Kepala Subdirektorat 1 Ditresnarkoba Polda Papua Barat, Kompol Roy Berman Simangunsong, mengatakan lokasi tersebut menjadi sasaran razia pertama tim. Dari hasil pemeriksaan, pemilik usaha diketahui masih dalam proses pengurusan izin penjualan.

Polisi menilai peluang diterbitkannya izin sangat kecil karena lokasi usaha tidak memenuhi syarat sebagaimana aturan yang berlaku.
“Yang bersangkutan memang masih berproses terkait izin, tetapi kami meyakini pemerintah daerah tidak akan mengeluarkan izin tersebut. Sebab sudah jelas ada aturan bahwa penjualan miras tidak boleh berdekatan dengan tempat ibadah, sekolah maupun fasilitas kesehatan,” ujar Kompol Roy Berman Simangunsong.
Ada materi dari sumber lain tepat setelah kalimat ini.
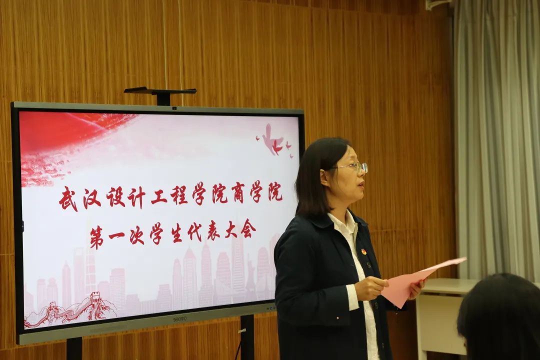 商学院党总支书记胡紫玲老师致辞,对学生会过去的工作给予了肯定,希望新一届学生会能在学校和学院的党组织领导和分团委的指导下继承优良传统、开创未来。
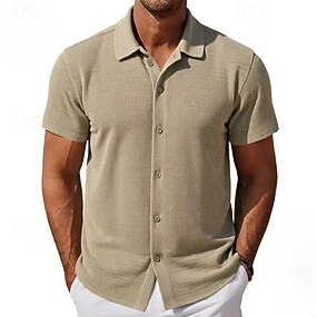 Per uomo Camicia Tessuto Camicia casual Camicia con Bottoni Nero Bianco Kaki Manica Corta Semplice Collo ripiegato Casuale Quotidiano Traforato Abbigliamento Elegante Moda Casual

Ia menambahkan, kondisi di lapangan menunjukkan penjualan minuman keras dilakukan dalam satu bangunan ruko yang sama dengan praktik klinik kesehatan. Hal itu dinilai jelas bertentangan dengan ketentuan dan etika penataan usaha.

“Apalagi penjualan miras ini berada bersamaan dengan klinik kesehatan dalam satu ruko. Ini tentu menyalahi aturan yang ada,” tegasnya.
Ditresnarkoba Polda Papua Barat menegaskan akan terus melakukan pengawasan terhadap peredaran minuman keras di Manokwari, termasuk memastikan seluruh pelaku usaha mematuhi ketentuan perizinan dan lokasi penjualan. (*/TOP-01)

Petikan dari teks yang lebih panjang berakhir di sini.